4
votes

I want to create a class in c++. This class must manage with a collection. OK, no problem, I would like to use operator[] of course but, in this case, my wish is to index not by position, but by name ==> that means using a string indexer.

It seems that something of this kind is not so nice to my compiler:

// In hpp
class myclass {
   ...
   ...
   std::string operator[](const std::string& name);
}
// In cpp
std::string myclass::operator[](const std::string& name) {
   ...
}
// In main
myclass m;
std::string value = m["Name"];

Compiler tells me that he cannot solve this because operator[const char[5]] does not exists.

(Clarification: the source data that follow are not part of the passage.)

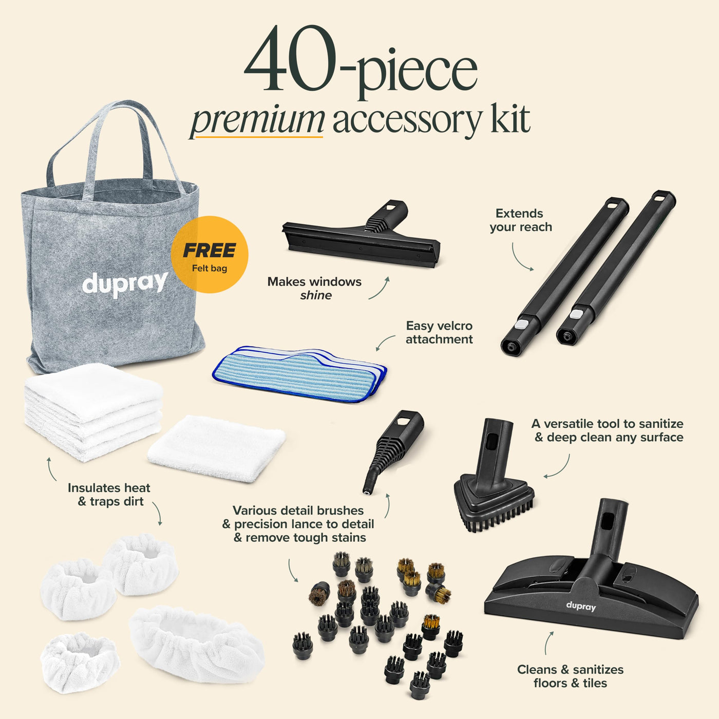Elevate Your Cleaning Game With The Dupray Neat Steam Cleaner, Now Paired With A Comprehensive 40-Piece Accessory Kit. Designed For Ultimate Versatility And Efficiency, This Complete Cleaning Solution Is Perfect For Tackling A Wide Range Of Cleaning Tasks, Both Large And Small. Why Choose Dupray Neat + Multi-Accessories (40 Pieces)? Comprehensive Cleaning Kit: Our 40-Piece Accessory Set Includes Everything You Need To Clean, Sanitize, And Refresh Every Corner Of Your Home. From Floors And Carpets To Kitchen Appliances, Bathroom Tiles, And Even Your Car Interior, This Kit Has You Covered. Multi-Purpose Use: Whether You'Re Scrubbing Away Grime In The Bathroom, Removing Grease In The Kitchen, Or Detailing Your Car, The Dupray Neat Steam Cleaner And Its Versatile Accessories Make It Easy To Get The Job Done. Chemical-Free Cleaning: Harness The Power Of Steam To Clean And Sanitize Without The Use Of Harsh Chemicals. Safe For Your Family, Pets, And The Environment, This Steam Cleaner Provides A Natural Solution To Deep Cleaning. Wide Range Of Attachments: The Kit Includes Various Brushes, Nozzles, Microfiber Pads, Extension Tubes, And More, Each Designed For Specific Cleaning Tasks. Tackle Delicate Surfaces, Hard-To-Reach Areas, And Heavy-Duty Cleaning With Ease. Easy To Use: Attachments Are Easy To Swap Out, Allowing You To Transition Seamlessly Between Tasks And Surfaces. The Lightweight Design And Easy Maneuverability Of The Dupray Neat Steam Cleaner Make Your Cleaning Experience Efficient And Enjoyable. Upgrade Your Cleaning Routine With The Dupray Neat Steam Cleaner + Multi-Accessories (40 Pieces). Order Yours Today And Discover The Ultimate In Steam Cleaning Versatility!
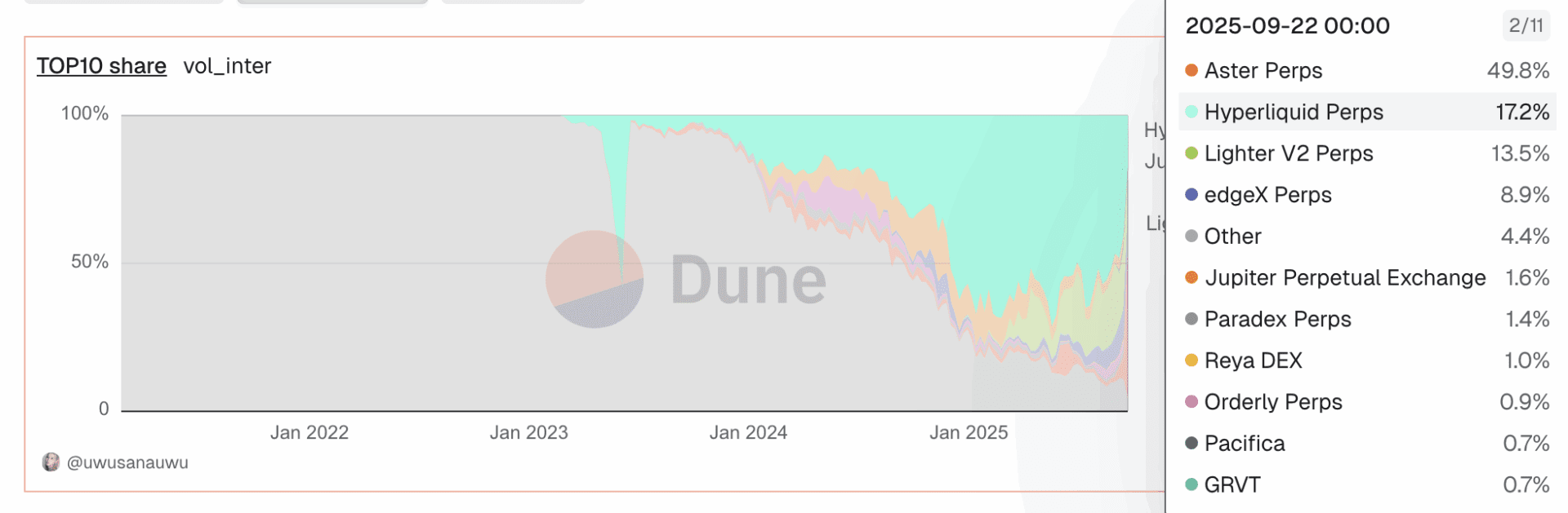 La market share del protocollo, come riportato dai dati raccolti su Dune, ha raggiunto un nuovo record ed ora equivale al 50% dell’intero mercato. Hyperliquid, precedente leader di mercato, ha visto in pochissimi giorni la sua market share calare dal 60% a meno del 20%.
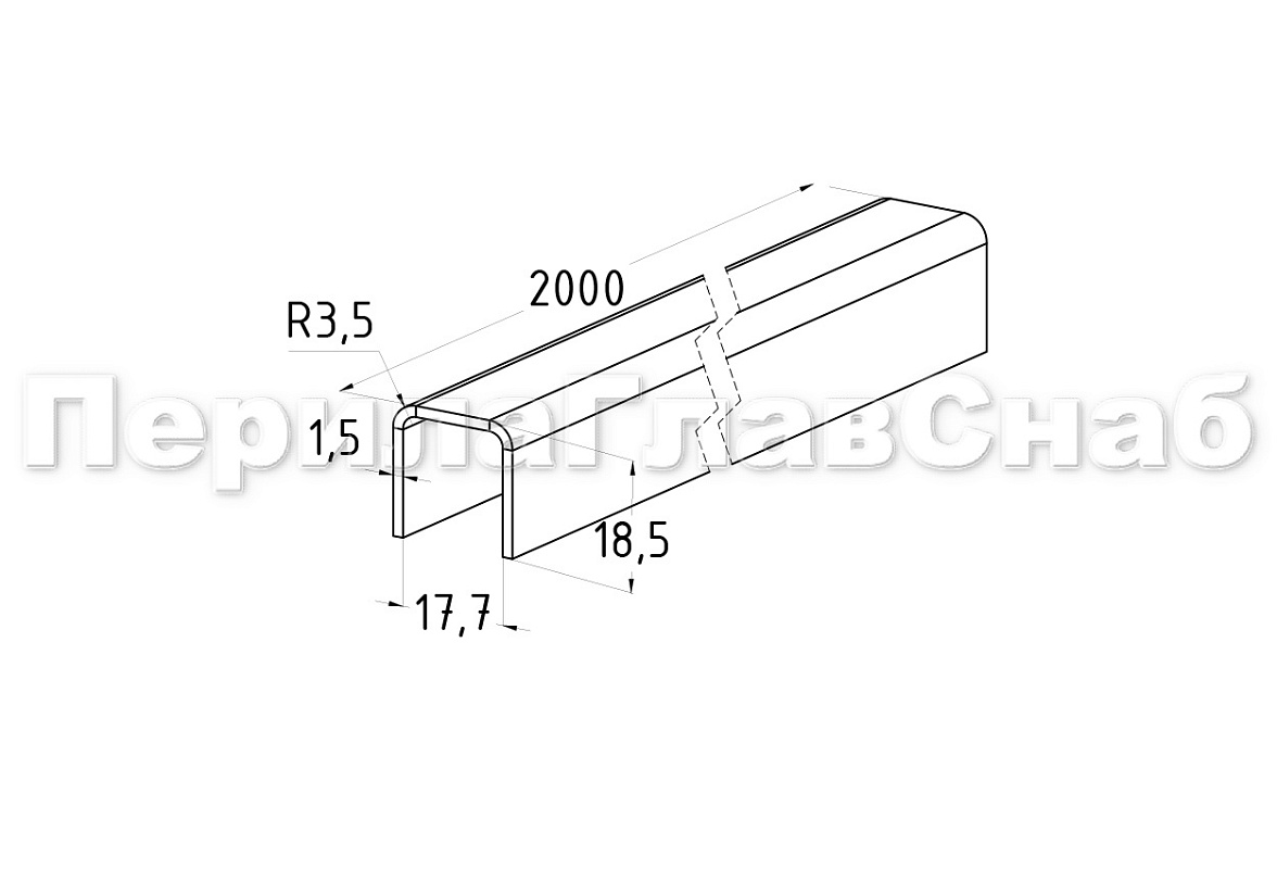 Профиль нержавеющий П-образный 18.5х17.7х1.5х2000 мм под стекло 16 мм полированный

OK OK I could figure this... Compiler thinks that by calling m["Name"] I'm trying to call an operator admitting a char* and not a string... ok Let's change the code with operator[] allowing a char* as parameter... nothing.

Can somebody tell me how to achieve such a result in c++ in a best practice way? I suppose that is a common problem to index by string and not by integer... Thank you.

2
what happens when you try std::string value = m[std::string("Name")];SingleNegationElimination
I'm pretty sure the compiler is a sheInverse
@TokenMacGuy, std::string has a ctor that takes a char*, so that shouldn't matter.Johnsyweb

2 Answers

2
votes

The code that you have provided should compile okay (providing the operator is public and you terminate your class declaration with a ;). I suspect the compiler error is somewhere else.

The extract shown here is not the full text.